→ Data extract
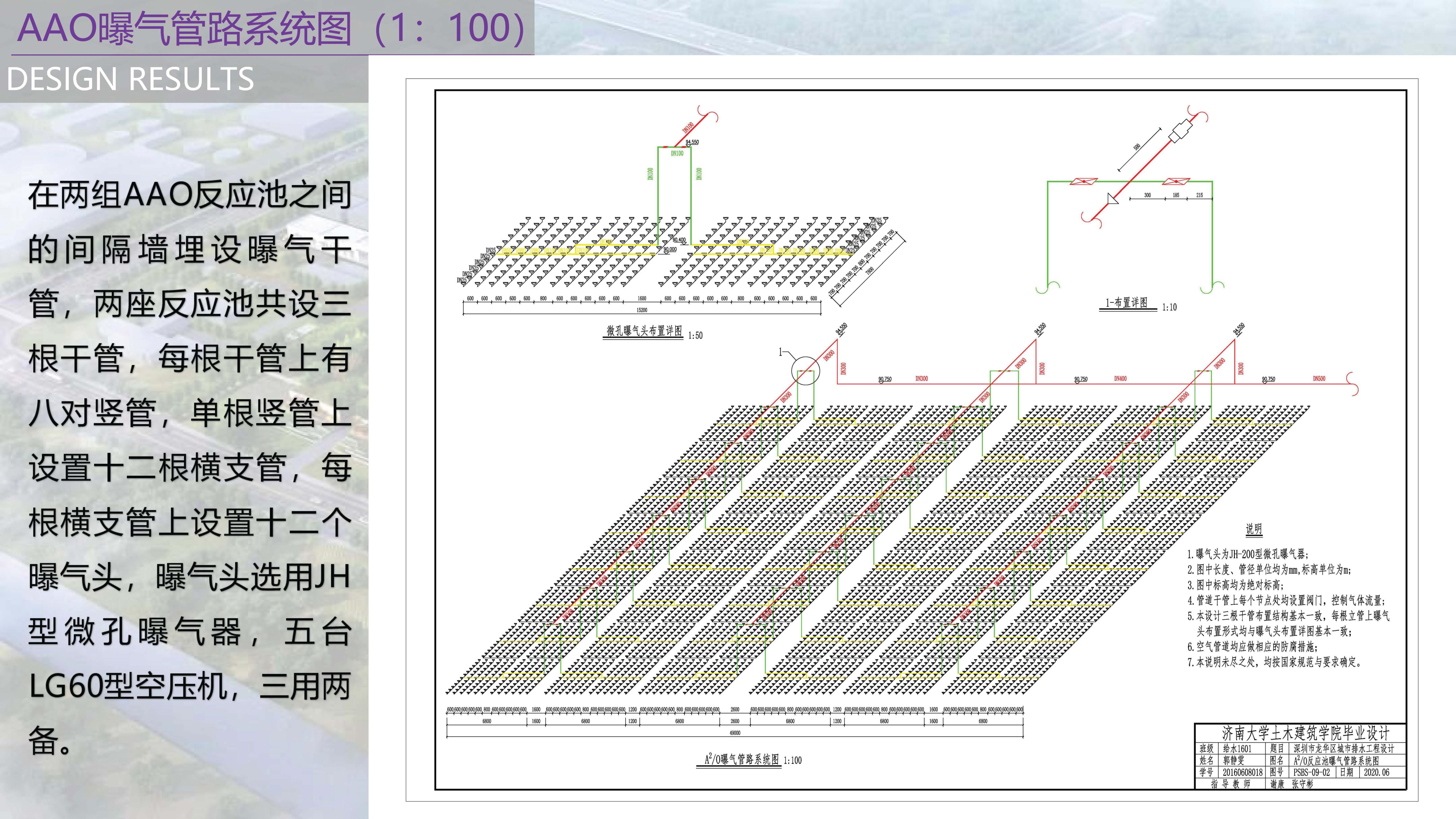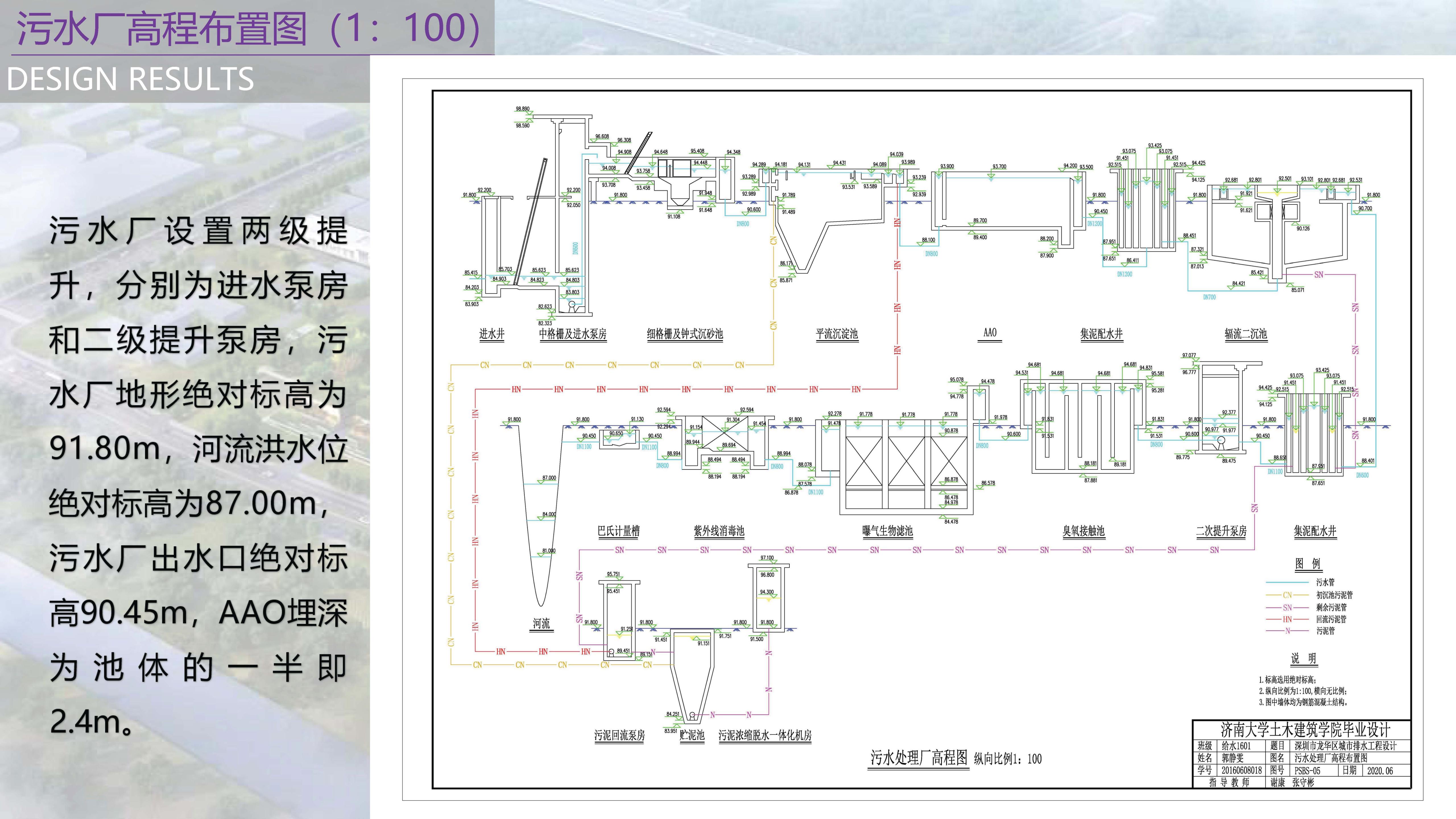 污水厂最大日设计污水量87700m3/d。设计污水进水水质为:SS=266.30mg/L,COD=412.40mg/L,BOD5=243.38mg/L,TN=37.93mg/L,NH3-N=27.48mg/L,TP=4.15mg/L。经处理达到国家污水排放标准一级A标准后排放。
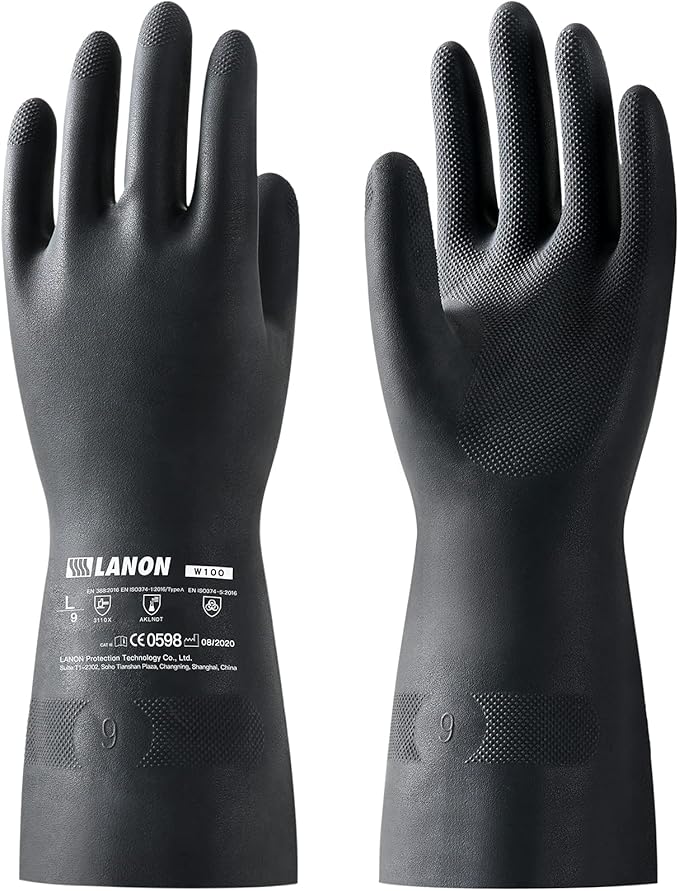 LANON Rubber Chemical Resistant Gloves, Reusable Heavy-duty Safety Work Gloves, Acid & Alkali Protection, Non-Slip, XX Large
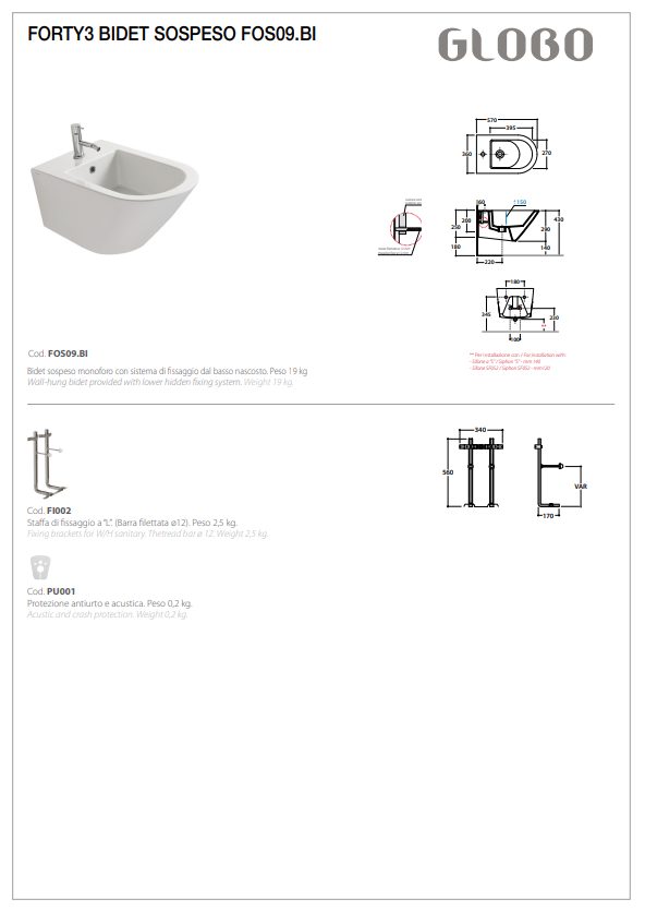 Belangrijke eigenschappen & Specificaties van de Globo Forty3 GLFOS09 Wandbidet

→ Task details
The copy should begin at the line containing "LANON Rubber Chemical" and end at the last line of the data above; please restate those lines word for word without the pictures.

→ Answer area
 LANON Rubber Chemical Resistant Gloves, Reusable Heavy-duty Safety Work Gloves, Acid & Alkali Protection, Non-Slip, XX Large
 Belangrijke eigenschappen & Specificaties van de Globo Forty3 GLFOS09 Wandbidet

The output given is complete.